=== Material for the task ===
* * * *

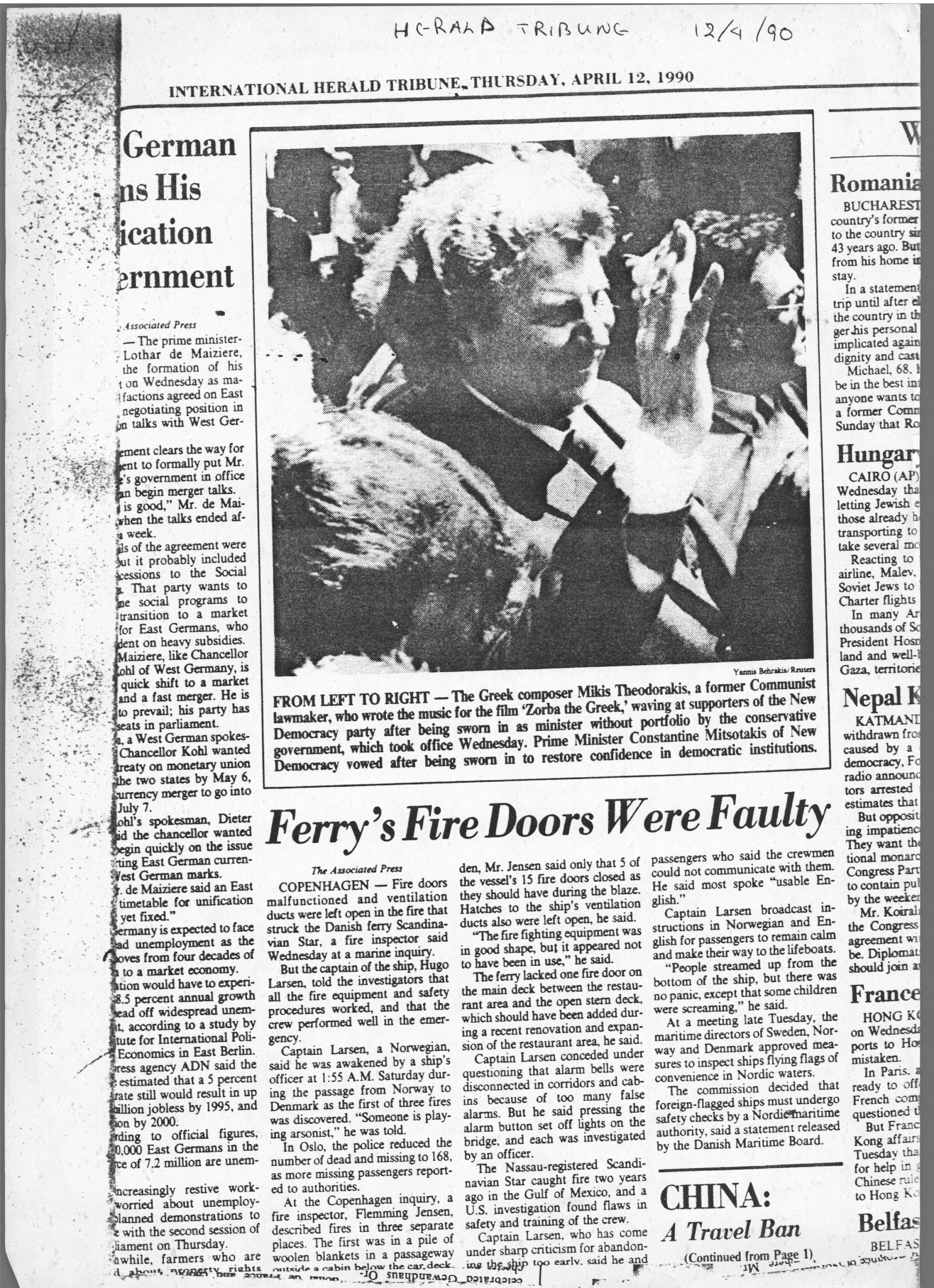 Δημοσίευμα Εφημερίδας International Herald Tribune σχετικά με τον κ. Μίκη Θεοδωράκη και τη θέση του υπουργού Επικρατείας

* * * *

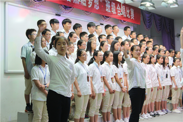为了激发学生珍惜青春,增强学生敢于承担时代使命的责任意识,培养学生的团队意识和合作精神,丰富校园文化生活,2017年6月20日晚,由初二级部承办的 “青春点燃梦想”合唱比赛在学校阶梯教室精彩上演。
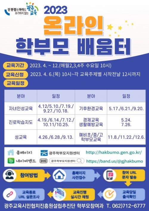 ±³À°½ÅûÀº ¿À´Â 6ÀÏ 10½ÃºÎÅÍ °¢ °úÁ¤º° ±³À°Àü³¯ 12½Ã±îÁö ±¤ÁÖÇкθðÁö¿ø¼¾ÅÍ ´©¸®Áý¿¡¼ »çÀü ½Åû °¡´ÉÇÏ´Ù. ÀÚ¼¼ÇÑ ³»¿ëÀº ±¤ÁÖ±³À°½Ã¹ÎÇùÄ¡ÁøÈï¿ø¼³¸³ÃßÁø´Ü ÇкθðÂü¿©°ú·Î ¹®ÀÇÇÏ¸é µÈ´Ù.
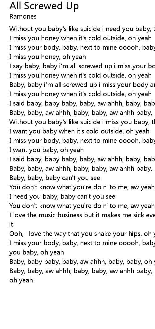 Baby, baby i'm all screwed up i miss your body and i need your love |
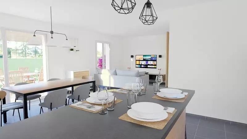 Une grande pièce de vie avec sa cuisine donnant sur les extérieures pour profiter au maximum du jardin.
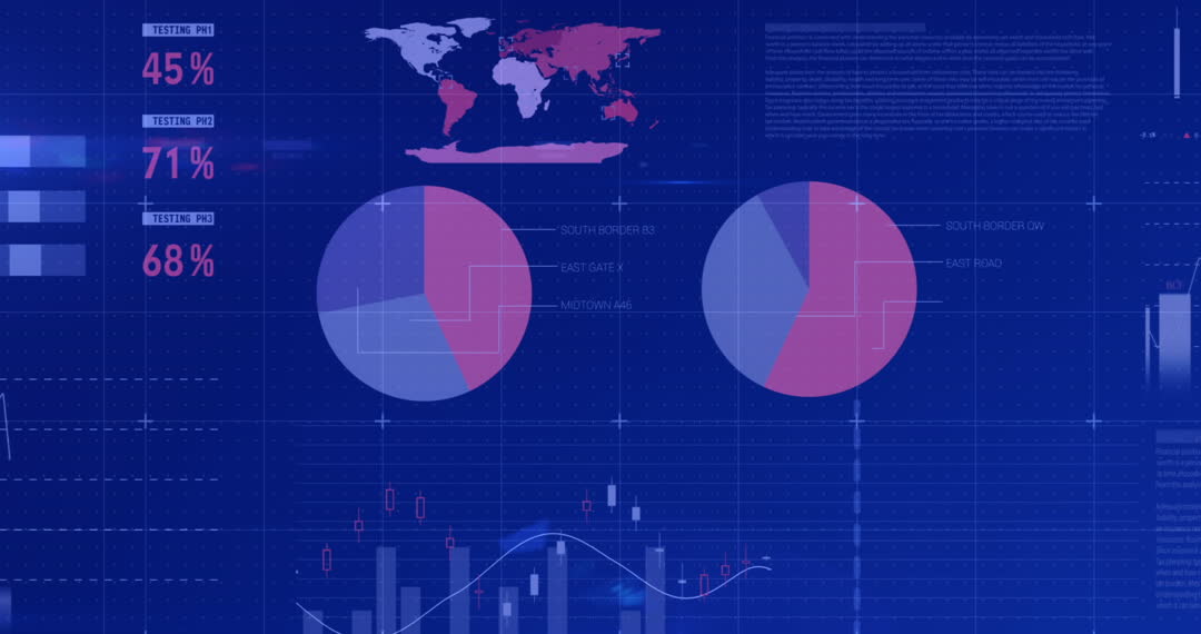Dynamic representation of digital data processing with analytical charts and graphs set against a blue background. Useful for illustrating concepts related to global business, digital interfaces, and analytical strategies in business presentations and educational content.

* * * *

=== Your assignment ===
Exact copy, no pictures. Write out the lines in the entries above, starting with the line with "Une grande pièce" and going on through the line with "Dynamic representation of", keeping both.

=== Final answer ===
 Une grande pièce de vie avec sa cuisine donnant sur les extérieures pour profiter au maximum du jardin.
Dynamic representation of digital data processing with analytical charts and graphs set against a blue background. Useful for illustrating concepts related to global business, digital interfaces, and analytical strategies in business presentations and educational content.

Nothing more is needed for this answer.